After a year without further incident, Vialink decided to migrate its Kubernetes containers to Nutanix.
“Nutanix suggested its Kubernetes orchestrator, Karbon,” Helfenstein said. “It comes free with the product anyway. And not only that, we also had the benefit of being able to manage our containers from the same Prism console we use to administer everything else. Previously, we used a dedicated Kubernetes console. »
The additional workload carried by these containers, especially Java applications, meant adding memory for each node to bring it up to 768 GB. Helfenstein said he bought the memory cards themselves and installed them, which didn’t Wasn’t a problem for Nutanix. Now the clusters run around 600 virtual instances.
Administer databases without a DBA
In terms of simplifying administration, the IT team was about to have another nice surprise.
“In 2021, our developers asked us to support Mongo DB and Postgres databases on Nutanix clusters,” Helfenstein said. “The problem was that we didn’t have a DBA on the team. So, Nutanix offered us to deploy ERA, which is a database management automation tool that manages availability and allows the deployment of test and working copies in one click.

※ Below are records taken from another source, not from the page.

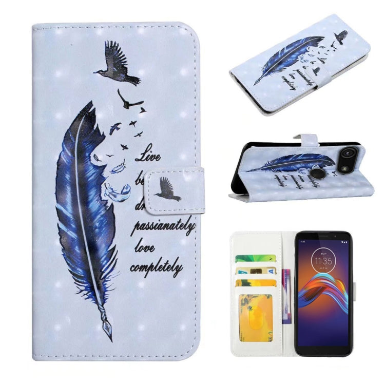 Funda de Cuero para Motorola Moto E6 Play con Dibujo 3D en Relieve al Óleo (Pluma Azul)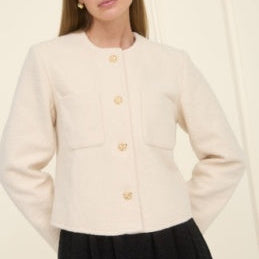 Ivory collarless button down jacket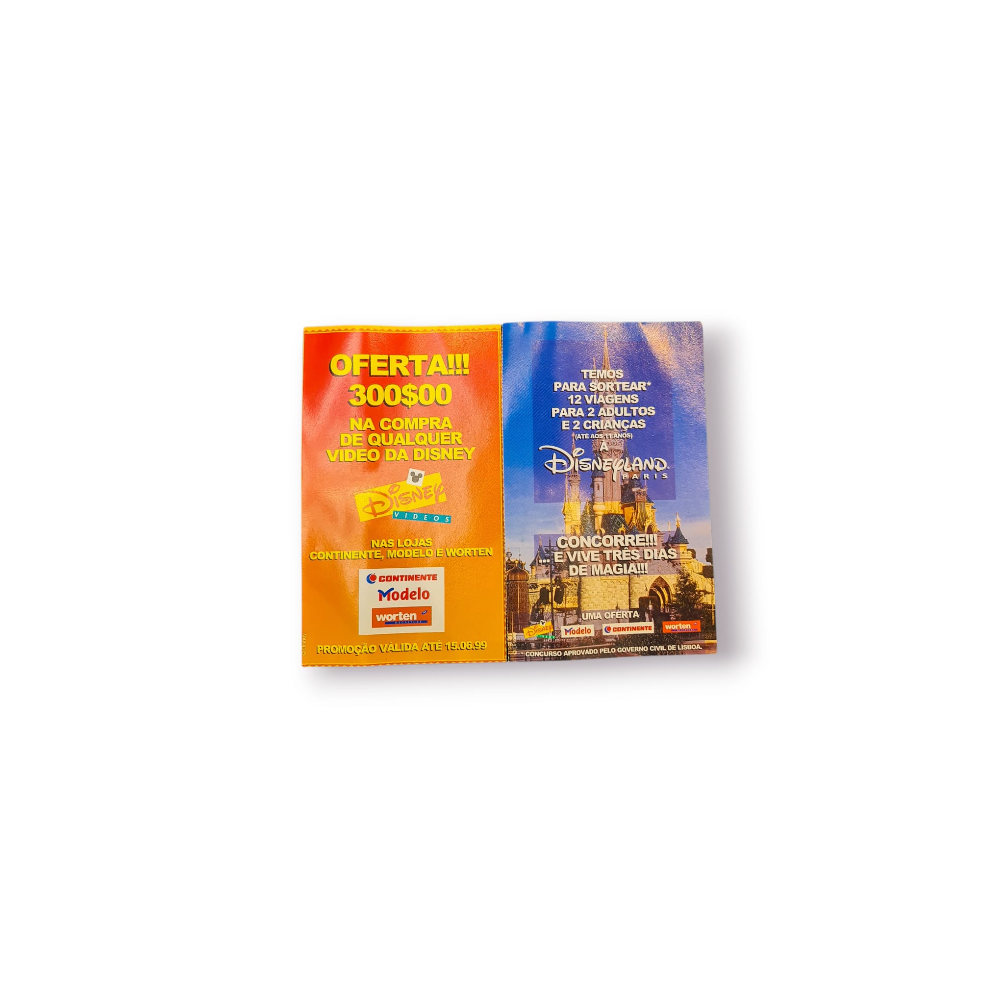 A cassete apresenta-se em bom estado geral, com caixa original, grafismos vivos e etiqueta da Disney Home Video. O vale promocional acrescenta valor histórico e colecionável ao conjunto.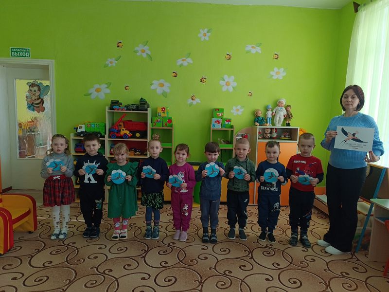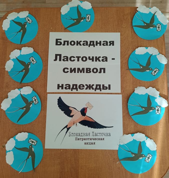 Воспитатель Ульянчик Е. В. рассказала детям об истории возникновения блокадной ласточки символе патриотической акции - маленьком жестяном значке, на котором ласточка с письмом в клюве. Весной 1942 года его начали носить на одежде многие жители Ленинграда - этот символ стал ответом на заявление фашистов о том, что теперь в город даже птица не пролетит.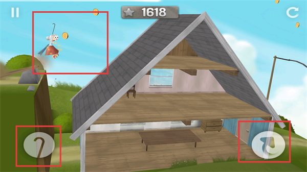 2、操控角色飞行时,用【钩子】调整方向收集空中金币,避开房屋障碍,保持移动节奏避免掉落。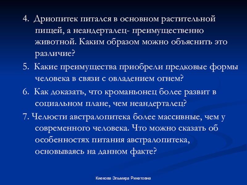 4. Дриопитек питался в основном растительной пищей, а неандерталец-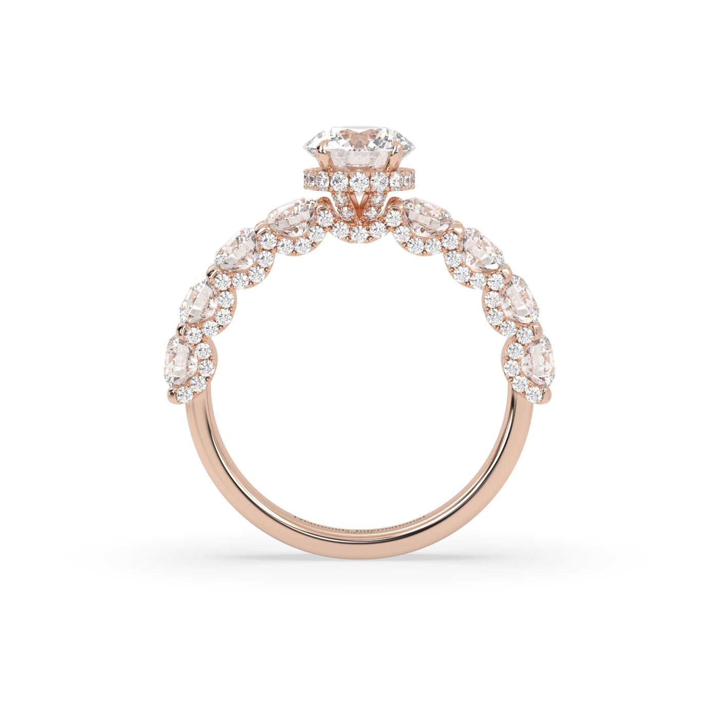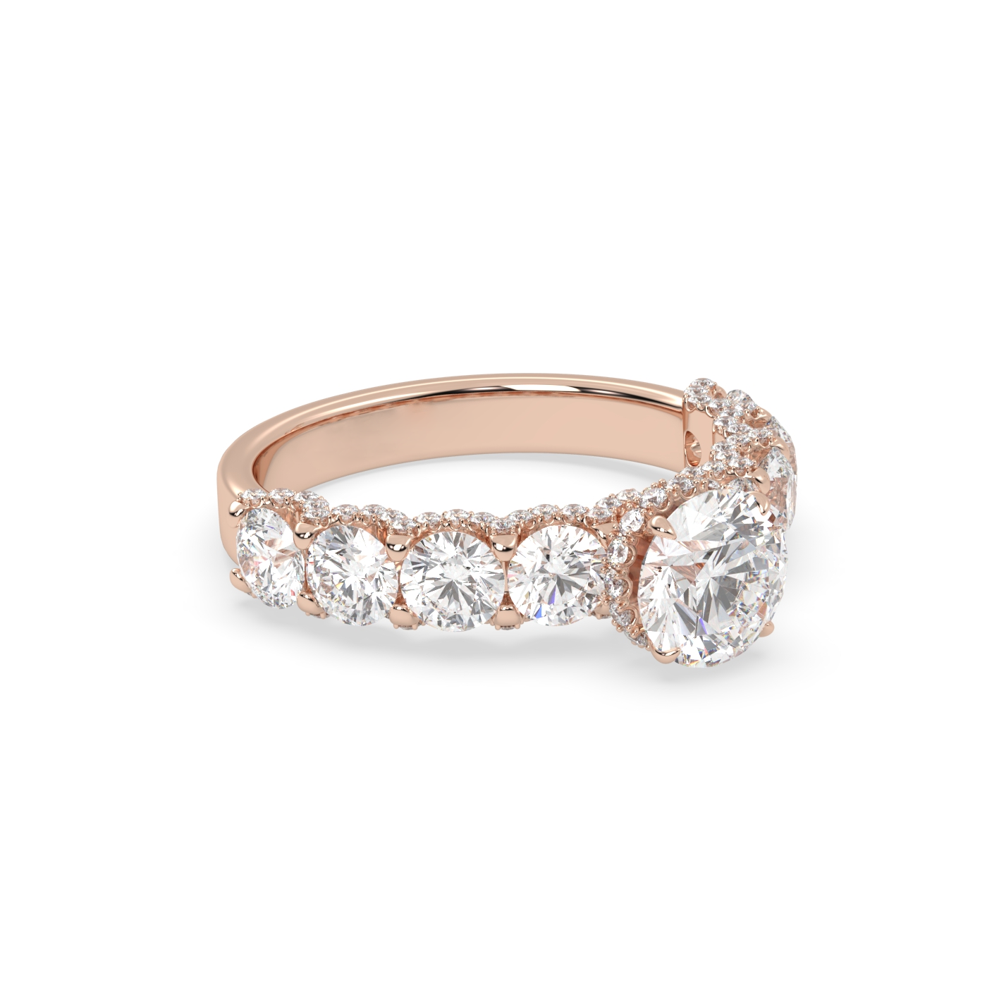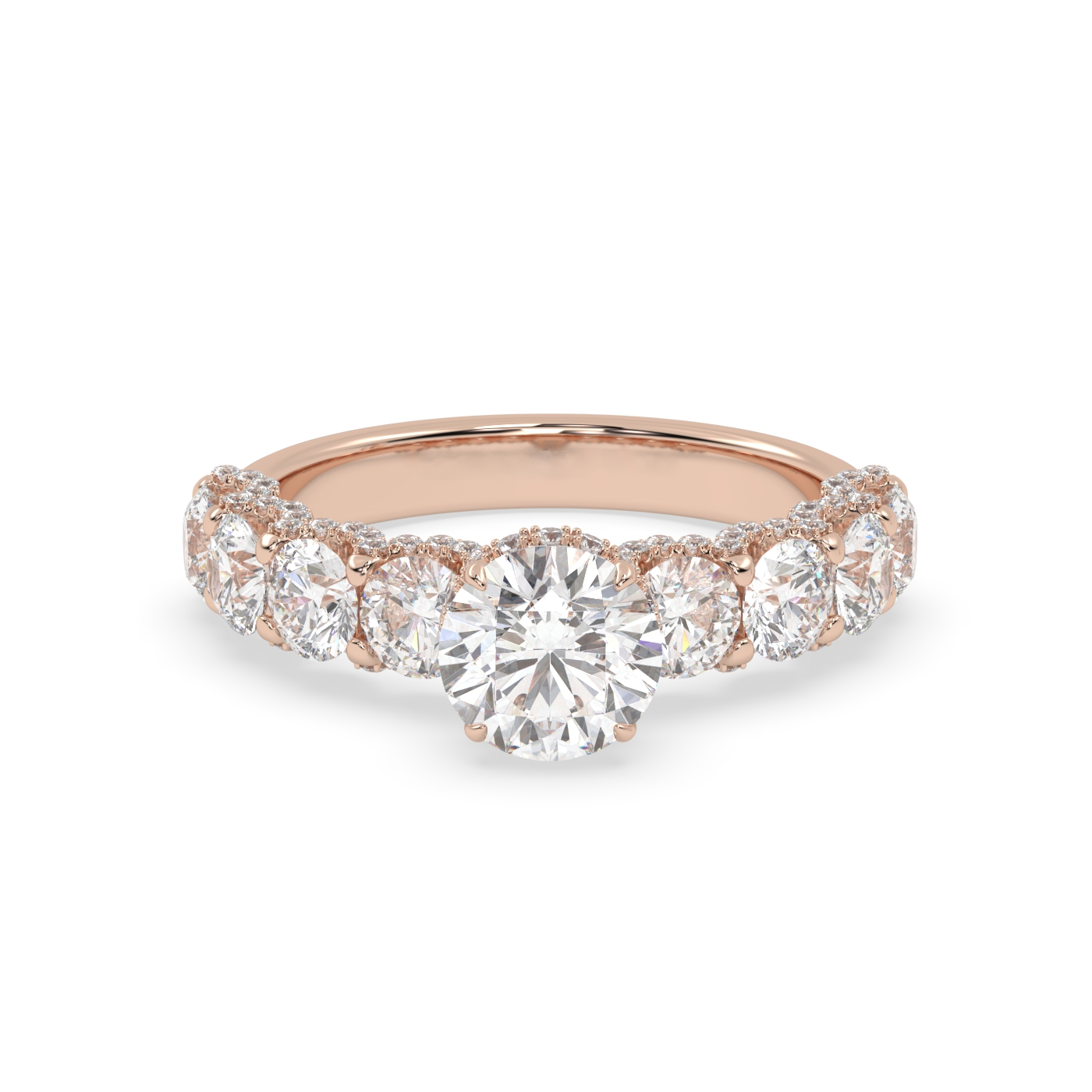 Pierścionek z Różowego Złota 18k z Laboratoryjnym Okrągłym Diamentem, Bocznymi Diamentami i Diamentami Pod Pazurami

Vialink has also invested in Hycu backup software, which specializes in protecting Nutanix clusters. This, however, is not built into Prism. Access is through its own console with backups stored on 300TB of Caringo object storage.
“Nutanix also offers object storage, but we didn’t go there because we’re dealing with data protection and didn’t want to put all our eggs in one basket,” he said.
Helfenstein also plans to invest in the optional Nutanix module that will enable real-time synchronization between clusters, which only happens at intervals with the base system.